Content starts

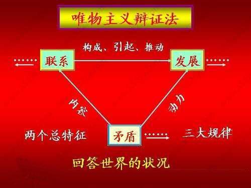 唯物辩证法,是一种研究自然、社会、历史和思维的哲学方法;是辩证法的三种基本历史形式之一;是由马克思首先提出,经其他马克思主义者(比较突出的如恩格斯、列宁、托洛茨基、毛泽东等)发展而形成的一套世界观、认识论和方法论的思想体系;是马克思主义哲学的核心组成部分。唯物辩证法认为:“普遍联系”和“永恒发展”是世界存在的两个总的基本特征,从总体上揭示了世界的辩证性质;唯物辩证法的基本规律和各个范畴,从不同侧面揭示了这两个基本特征的内涵和外延;矛盾(即对立统一)的观点是唯物辩证法的核心。
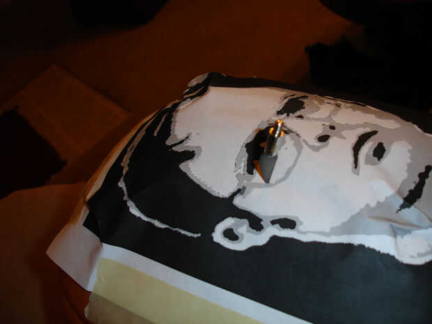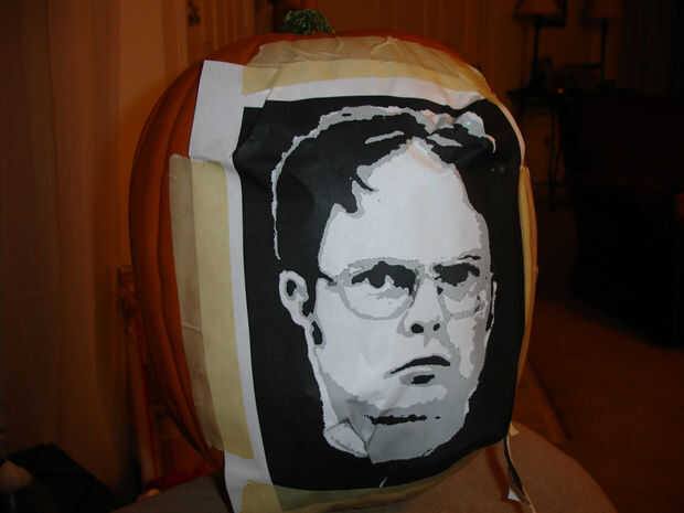 Una vez que se graba hacia abajo, es hora de empezar a trazar el patrón. Usando un cuchillo o palillo de dientes, poke agujeros a través del papel a la superficie de la calabaza. Los agujeros de más cercanos, más fácil será para quedarse en el camino de corte derecho más adelante. Trace el gris y los contornos negros.
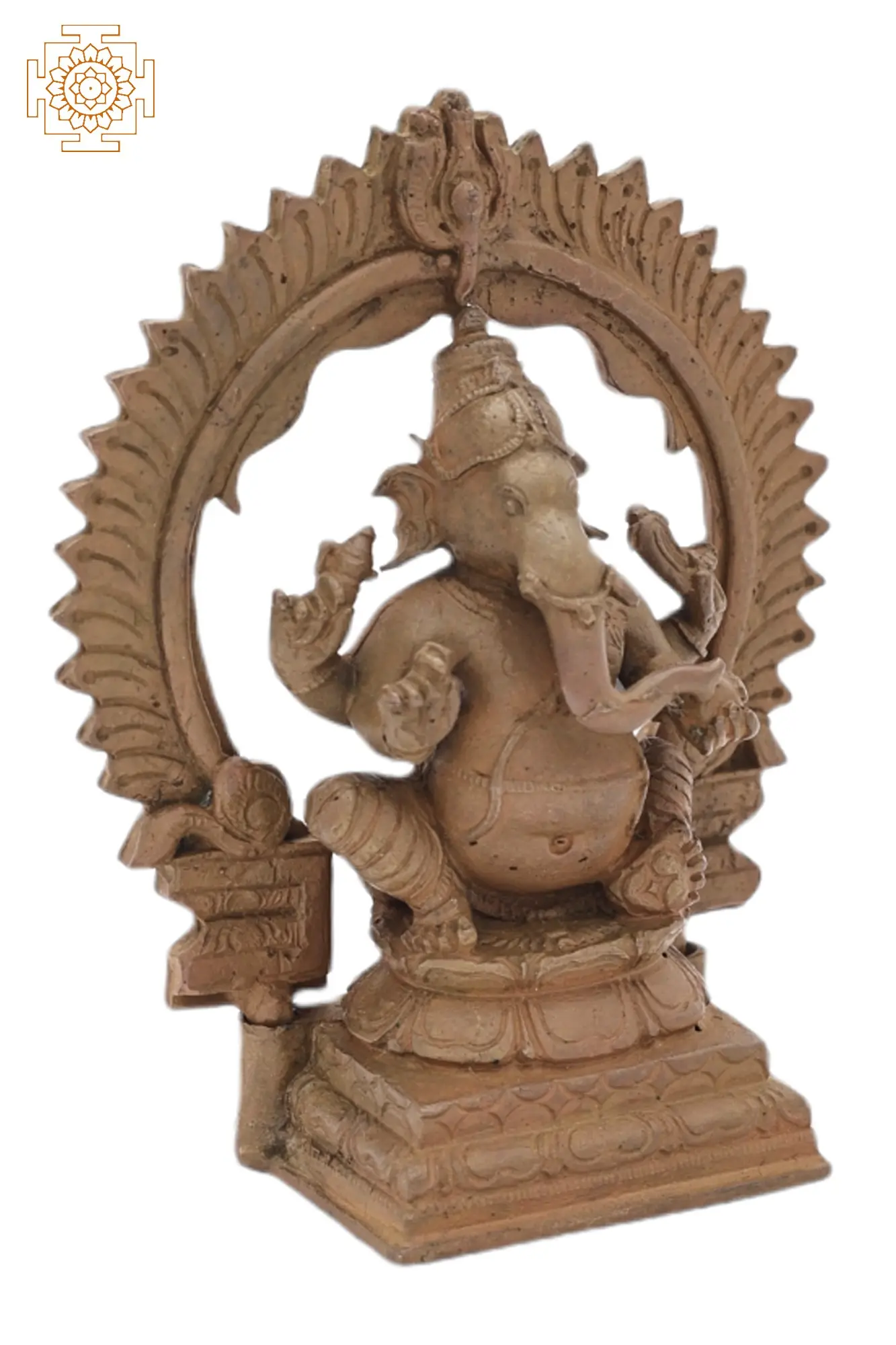 4" Small Lord Ganesha Seated Under The Temple Arch | Brass Statue

Content ends

● EXERCISE: Omitting all pictures, give the preceding listing again exactly.

● EXERCISE ANSWER:
 唯物辩证法,是一种研究自然、社会、历史和思维的哲学方法;是辩证法的三种基本历史形式之一;是由马克思首先提出,经其他马克思主义者(比较突出的如恩格斯、列宁、托洛茨基、毛泽东等)发展而形成的一套世界观、认识论和方法论的思想体系;是马克思主义哲学的核心组成部分。唯物辩证法认为:“普遍联系”和“永恒发展”是世界存在的两个总的基本特征,从总体上揭示了世界的辩证性质;唯物辩证法的基本规律和各个范畴,从不同侧面揭示了这两个基本特征的内涵和外延;矛盾(即对立统一)的观点是唯物辩证法的核心。
 Una vez que se graba hacia abajo, es hora de empezar a trazar el patrón. Usando un cuchillo o palillo de dientes, poke agujeros a través del papel a la superficie de la calabaza. Los agujeros de más cercanos, más fácil será para quedarse en el camino de corte derecho más adelante. Trace el gris y los contornos negros.
 4" Small Lord Ganesha Seated Under The Temple Arch | Brass Statue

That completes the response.